In swipe at Pakistan, Jaishankar condemns repeated bids to bring bilateral issues into SCO


In a tacit swipe at Pakistan, external affairs minister S Jaishankar on Thursday condemned repeated attempts to bring bilateral issues into the agenda of the Shanghai Cooperation Organisation (SCO) and said such efforts violate the grouping’s charter.

Jaishankar made the remarks while addressing the meeting of the SCO council of heads of government that was held virtually under the chairmanship of Kazakhstan. He also spoke on the need for reformed and invigorated multilateralism to reflect contemporary realities.

“It is unfortunate to note that there have been repeated attempts to deliberately bring bilateral issues into SCO. This violates the well-established principles and norms of SCO Charter,” he said.

“Such acts are counterproductive to the spirit of consensus and cooperation that define this organisation and should be condemned,” he added.

India, Jaishankar said, considers the SCO an important regional group to promote cooperation in different fields on the basis of “universally recognised international norms, good governance, rule of law, openness, transparency and equality”.

Indian officials have accused Pakistan in recent years of repeatedly attempting to raise bilateral issues such as Kashmir at meetings of different SCO bodies.

During a virtual meeting of national security advisers of SCO states in September 2020, NSA Ajit Doval walked out after his Pakistani counterpart, Moeed Yusuf, projected a map that inaccurately depicted the borders of the two countries and included several Indian regions within Pakistan.
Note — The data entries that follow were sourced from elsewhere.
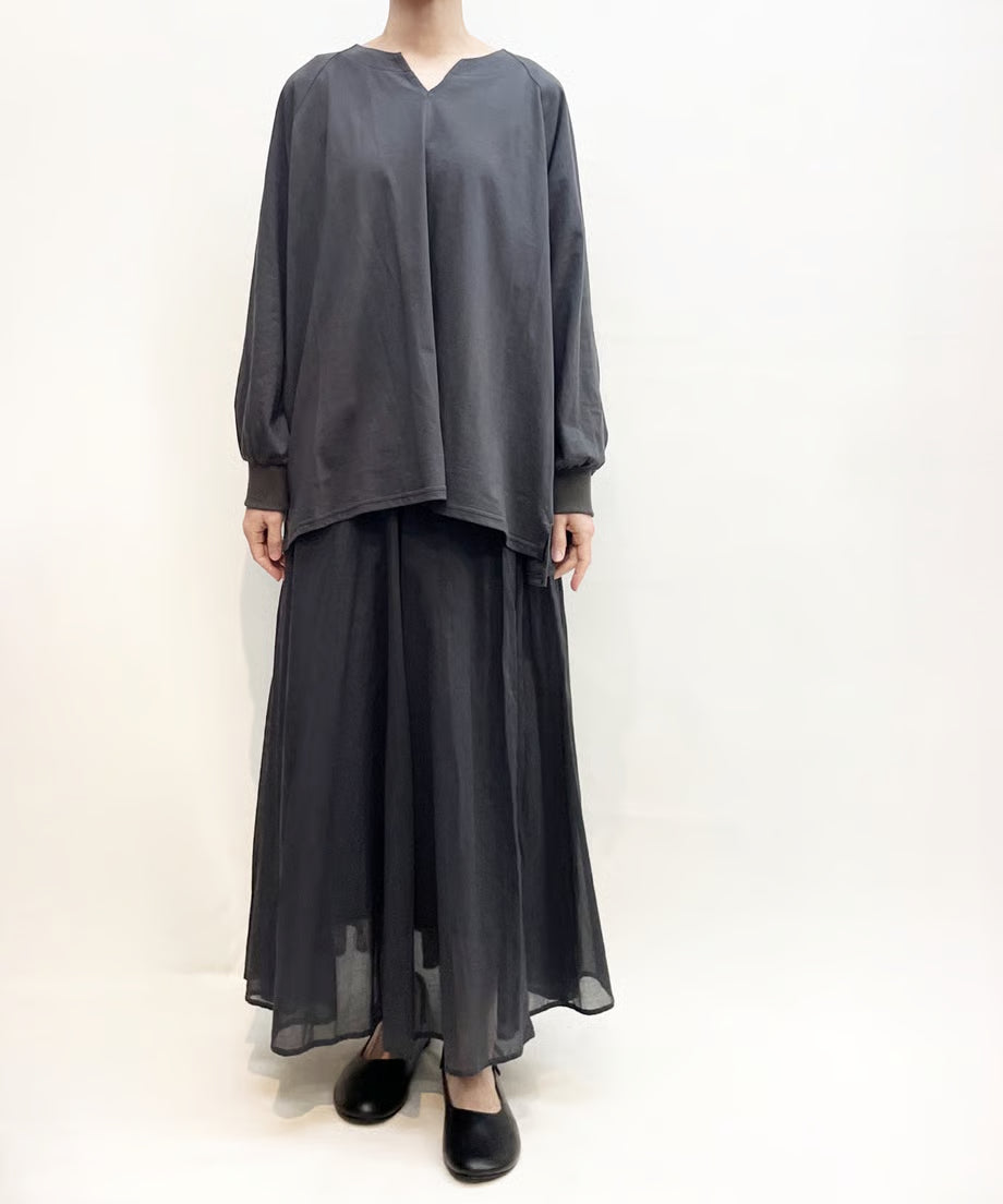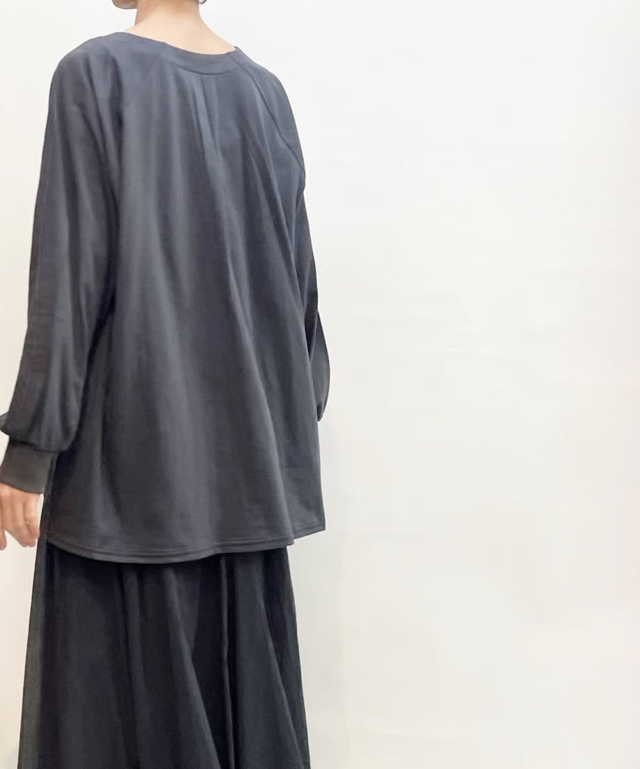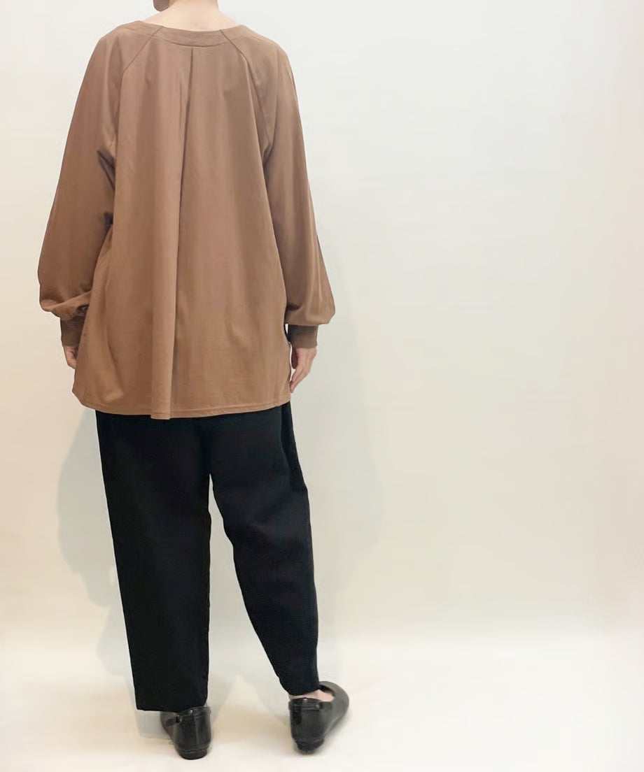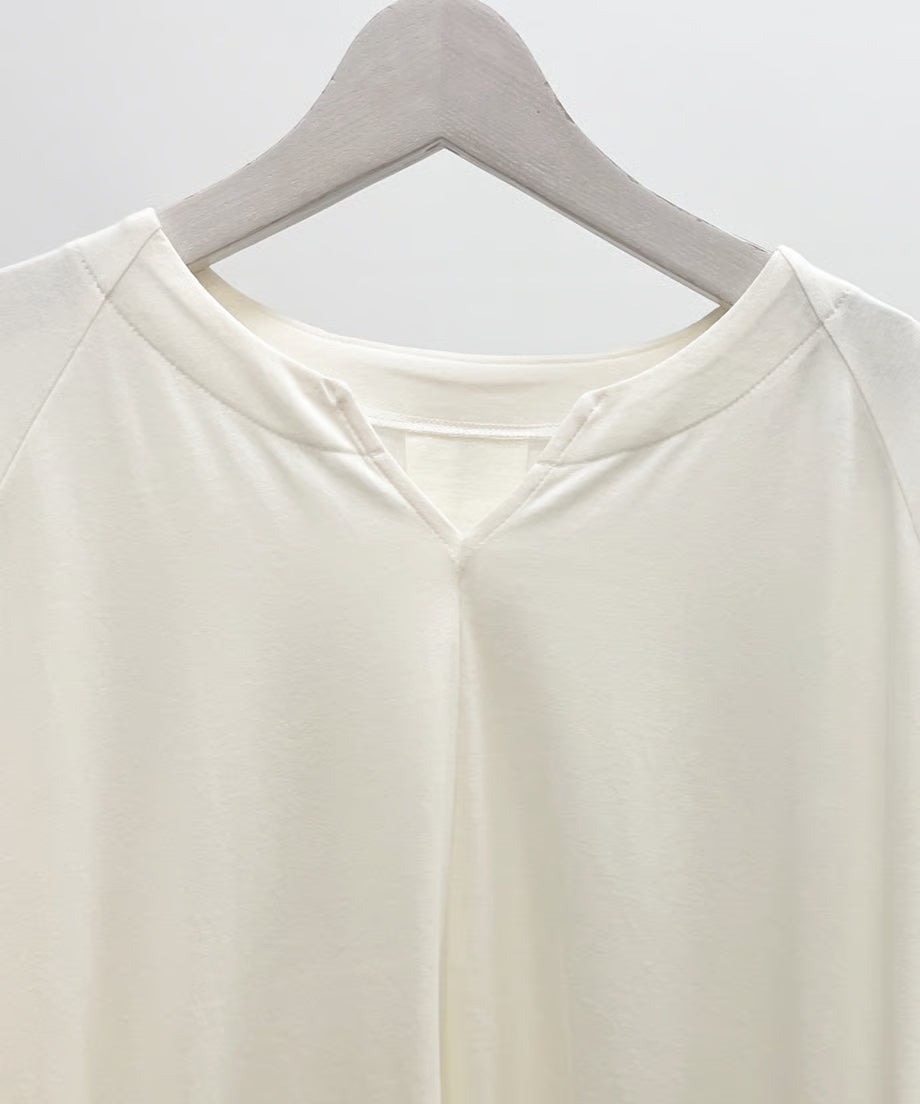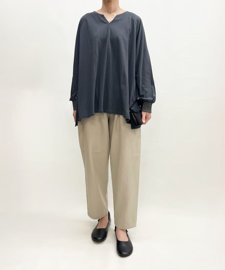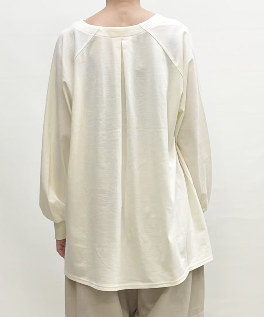 すぽっとかぶって、らくちんなこと、襟ぐりは洗濯してハンガーにかけやすい小さなアキがポイント。
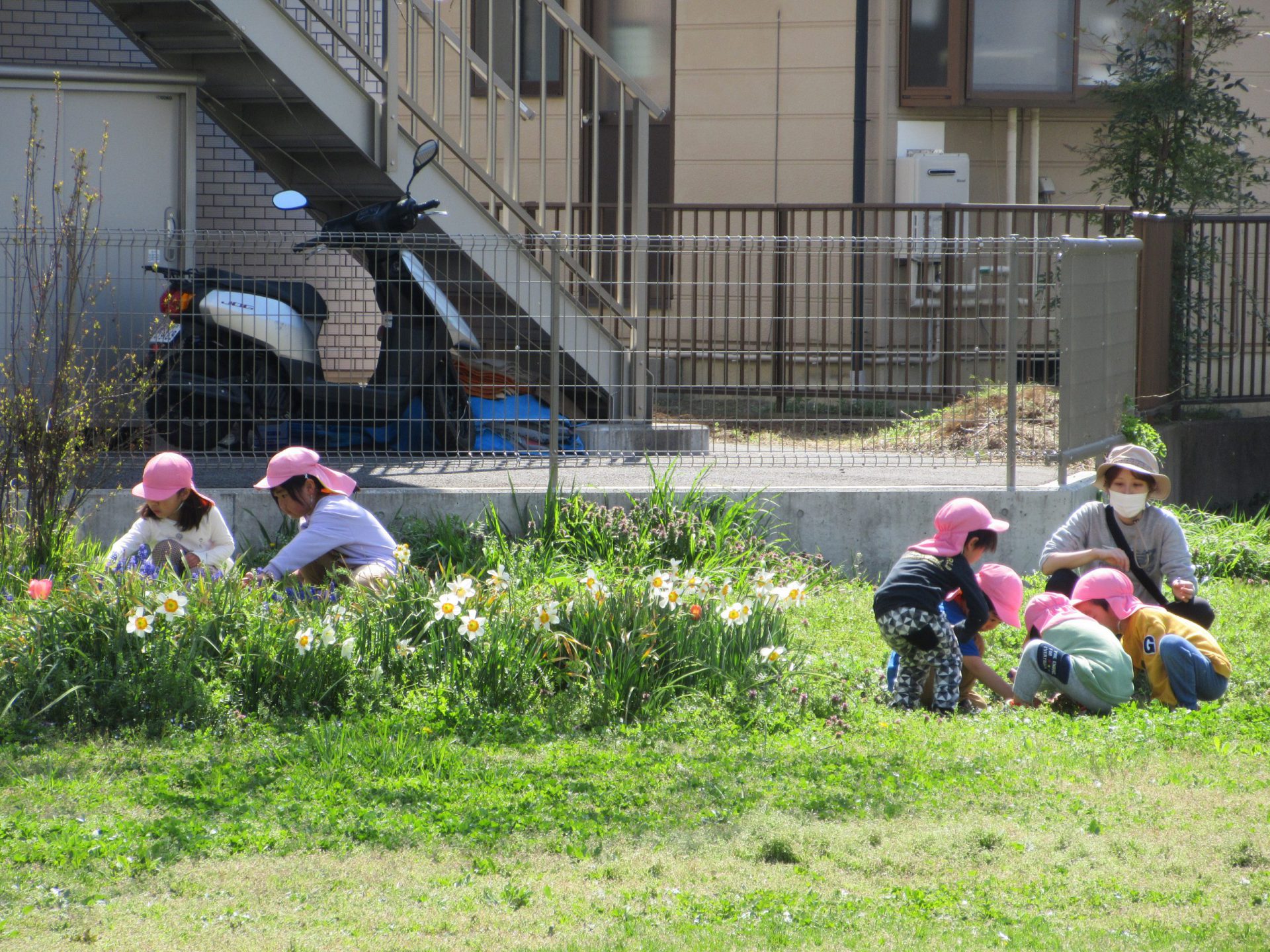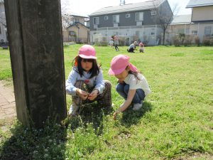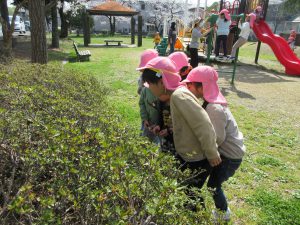 「とかちゃん(かなへび)いた!!」(※昨年飼っていたカナヘビの名前)と聞いてみんな集まってきます。「え、どこどこ?」「ホントだ~!」「今動いたね!」「小さくてかわいい~」「つれて帰りた~い」と子ども達。暖かくなり、冬眠から起きたカナヘビに昨日も今日もたくさん会うひまわり組さんでした。
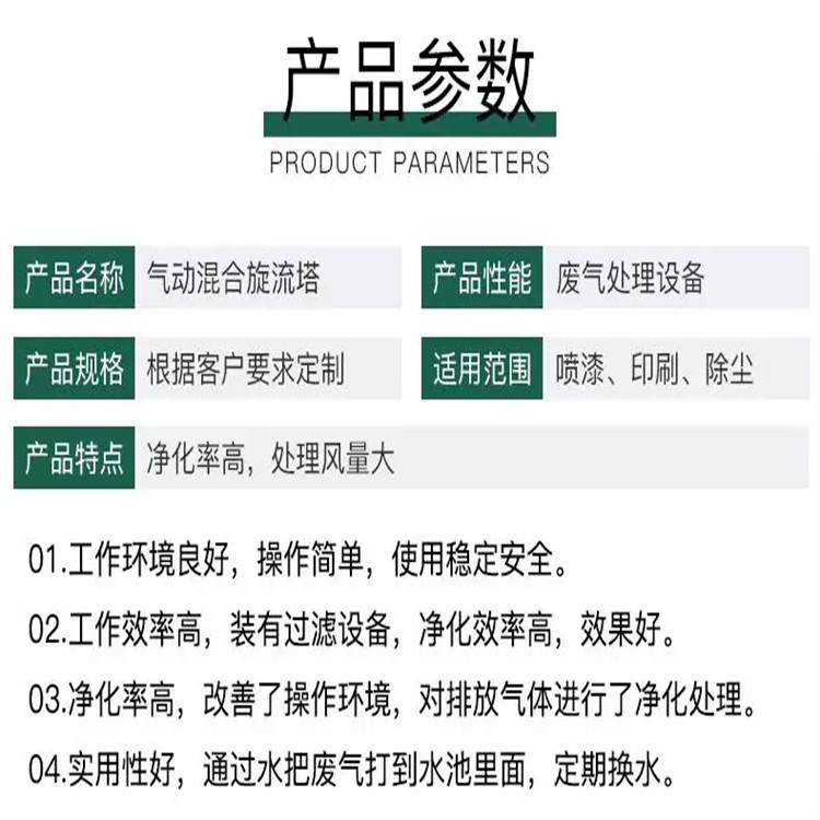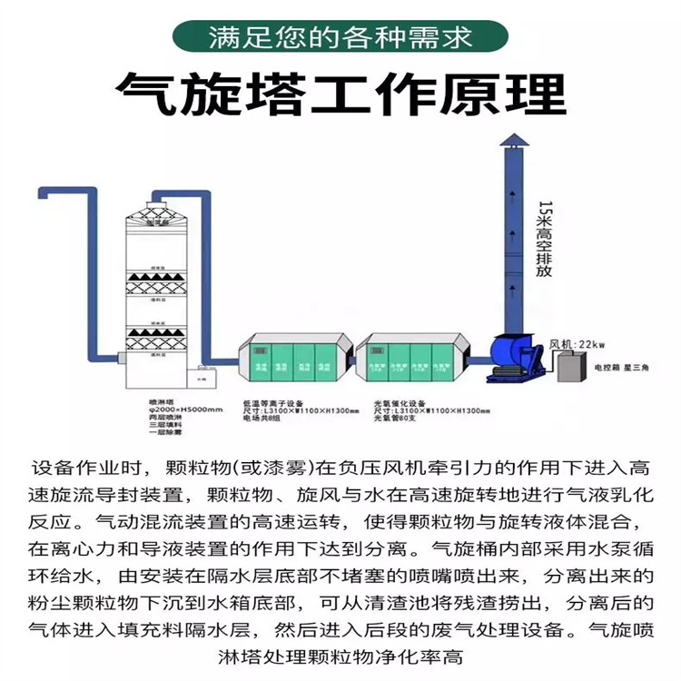 1.产品简单实用、维护方便、用途。气旋喷淋塔适用于各工业领域的废气粉尘净化处理(特别适合如:喷漆废气漆雾处理,打磨抛光粉尘处理等)。
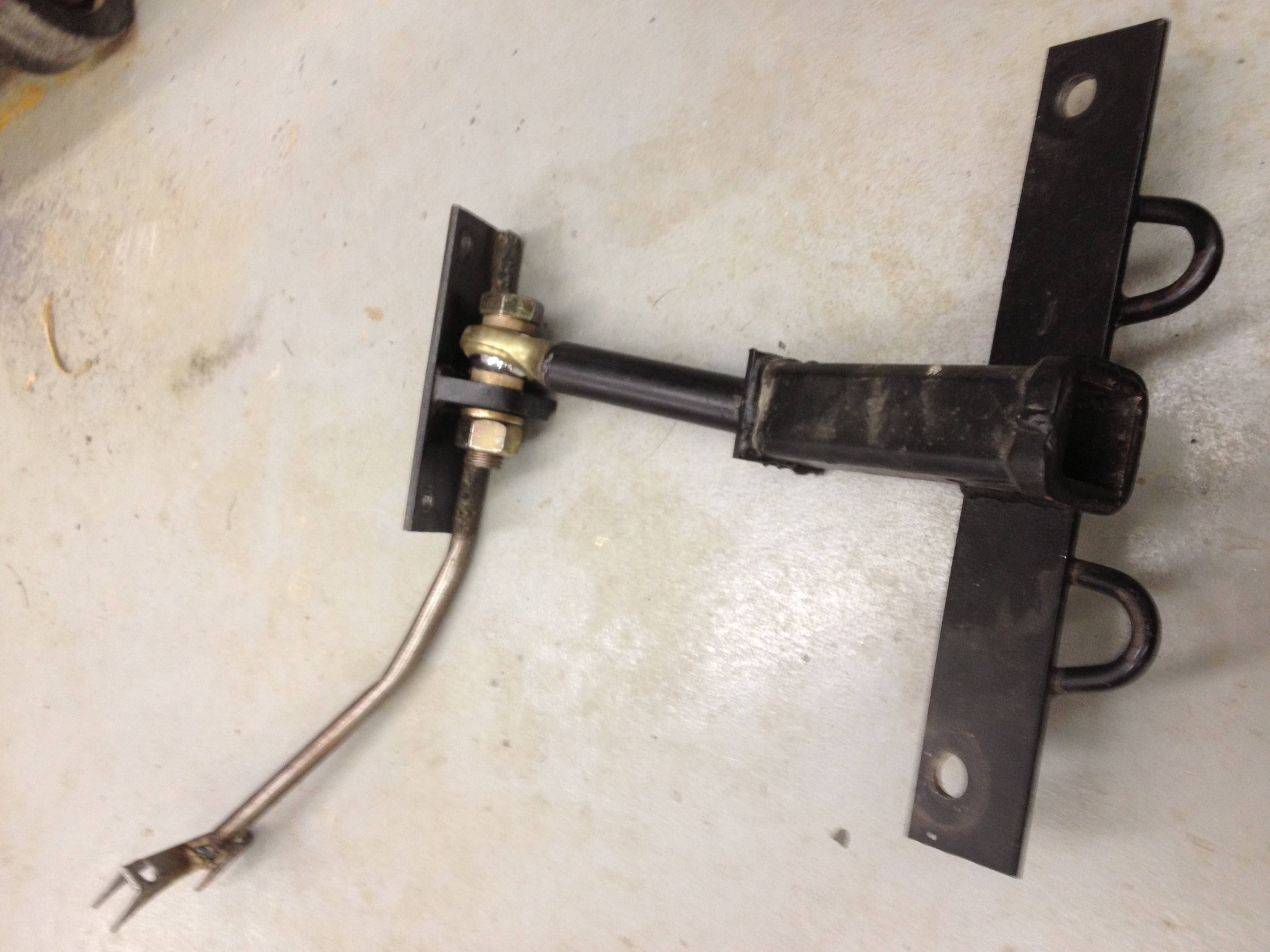 Mine was real simple - it was a piece of Angle Iron with a Flat Piece of Steel welded to it with a Hole in in it for the Hitch Ball. I bolted this through the Rear License Plate Wiring Holes with a backing plate on the other side.
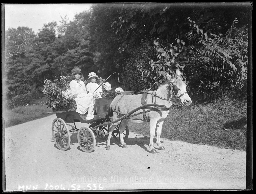 Deux enfants assises dans une voiture tirée par un âne dans un jardin
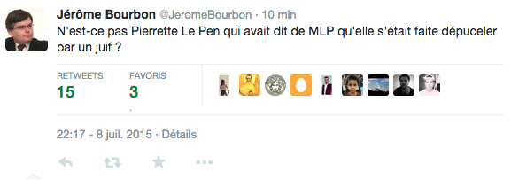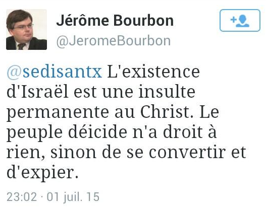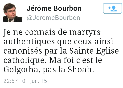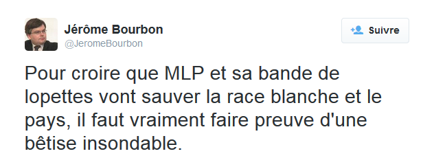 Je ne connaissais pas ce Jérôme Bourbon avant cette affaire…et je ne le regrette pas. Car il faut savoir que Jérôme Bourbon est, accrochez-vous, foncièrement antisémite, homophobe, un brin nazi et voue une haine sans bornes à Marine Le Pen qui n’a d’égal que son admiration pour Jean Marie Le Pen. Et c’est donc ce bonhomme, directeur du journal « Néo Nazi et Anti Néo-FN » Rivarol, qui s’est fait gifler + filmer il y a quelques jours de ça.
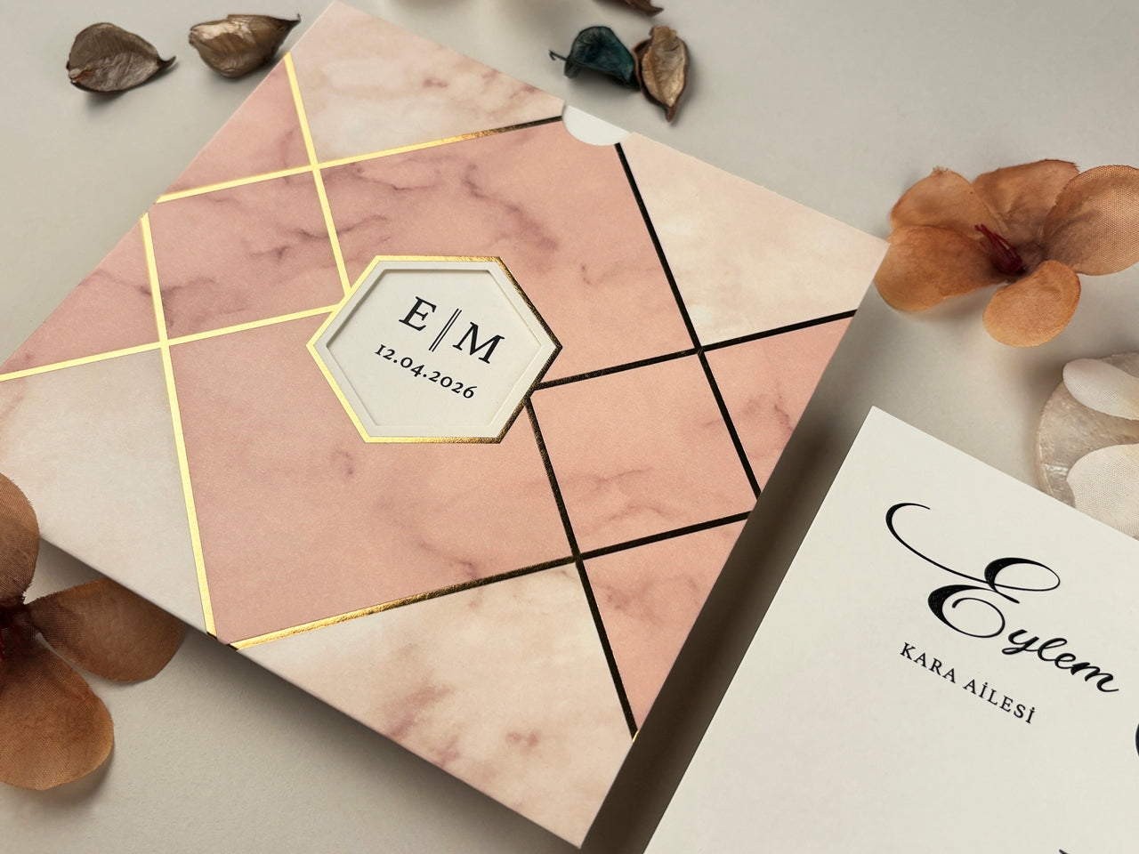 85860 - Rózsaszín tokos esküvői meghívó geometrikus mintával
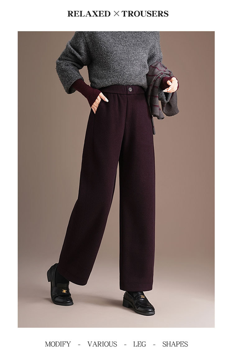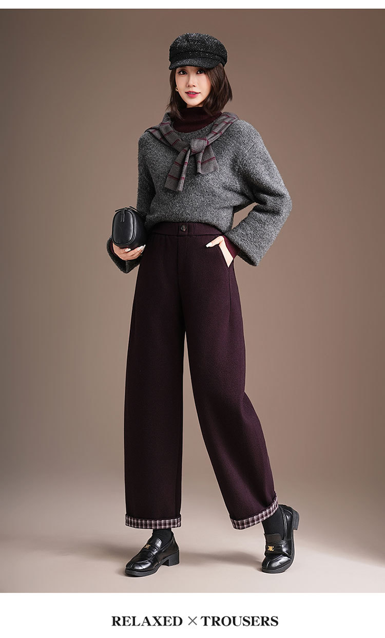 QYM H628-Y格子拼结阔腿裤厚款毛呢裤宽松休闲直筒休闲裤 商品图0
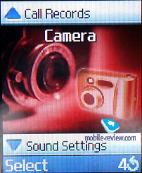 Call lists. Everything is traditional here, here are lists of missed, received and dialed calls with date and time, up to 20 records can be stored in each list. There's no general time in call counters, but you can see separately the time of all dialed and the time of all accepted calls. Camera. In this model the chamber precisely same, as well as in model V200, differences are not present. We shall remind the basic functions of the chamber. Phone display is used as a viewfinder, you can rotate an image 180 degrees using side keys. Other manufacturers don’t have such feature. You can adjust brightness of the picture pressing navigation key. Also there is a Zoom-function in the phone, it is quite acceptable. To make a shot, press a special key under the screen. Then you can save this photo or delete it. All photos can be viewed in Photo Album, some photos are presented as small copies. Navigation is simple and convenient.
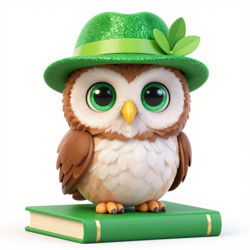 This digital illustration features a cute, cartoon-style owl with large, expressive green eyes and a yellow beak. The owl has brown and white feathered wings and a fluffy white chest. It is wearing a sparkling green hat with a green ribbon and a green leaf accessory. The owl stands on a thick, green book with yellow stripes. The background is plain white, making the colorful owl and book the focal points. The owl's design is whimsical and endearing, with a glossy texture enhancing the sparkling hat and book.

Jaishankar, who represented India at Thursday’s meeting, said SCO is observing its 20th anniversary in a rapidly changing global and regional environment. SCO continues to play a significant role in promoting peace and stability in the region in times of unprecedented upheaval, and India is committed to constructively contributing to implementing the mandate of the grouping, he said.

The socio-political impact of Covid-19 is “far from over and has exposed the weakness of global institutions”, he noted. “This is the time to bring in much needed reforms to our global institutions, including the WHO, and rework our development strategies to face a post-Covid-19 world,” he said.

“For this, we need a reformed and reinvigorated multilateralism that reflects today’s realities, which gives voice to all stakeholders, addresses contemporary challenges and puts human beings at the centre of our thought and policies,” he added.

India believes greater connectivity is an economic force multiplier that has acquired greater importance in the post-Covid era, though “any serious connectivity initiative must be consultative, transparent and participatory”, Jaishankar said.

Such initiatives “must conform to the most basic principle of international law – respect for sovereignty and territorial integrity”, he pointed out.

In this context, Jaishankar spoke about India’s efforts to operationalise Chabahar port in Iran in order to provide secure and commercially viable access to the sea for Central Asian state.

“We have also proposed to include the Chabahar port in the framework of International North-South Transport Corridor (INSTC). I would like to reaffirm India’s commitment to cooperate, plan, invest and build physical and digital connectivity in the SCO region,” he said.

Jaishankar also referred to climate change being the “biggest existential threat” for many developing countries and said: “As we move towards practical implementation of the trade and economic agenda of SCO, we must simultaneously pay heed to the climate change impact of our joint activities.”

India now ranks fourth in the world in installed renewable energy capacity, and its non-fossil fuel energy has increased by more than 25% in the past seven years. It co-initiated the International Solar Alliance that now has more than 100 member states and is ready to share its experience in climate change mitigation and adaptation in the SCO format, he said.

The meeting was attended by leaders of SCO member states, observer states, the SCO secretary general, and the executive director of the SCO Regional Anti-Terrorist Structure (RATS).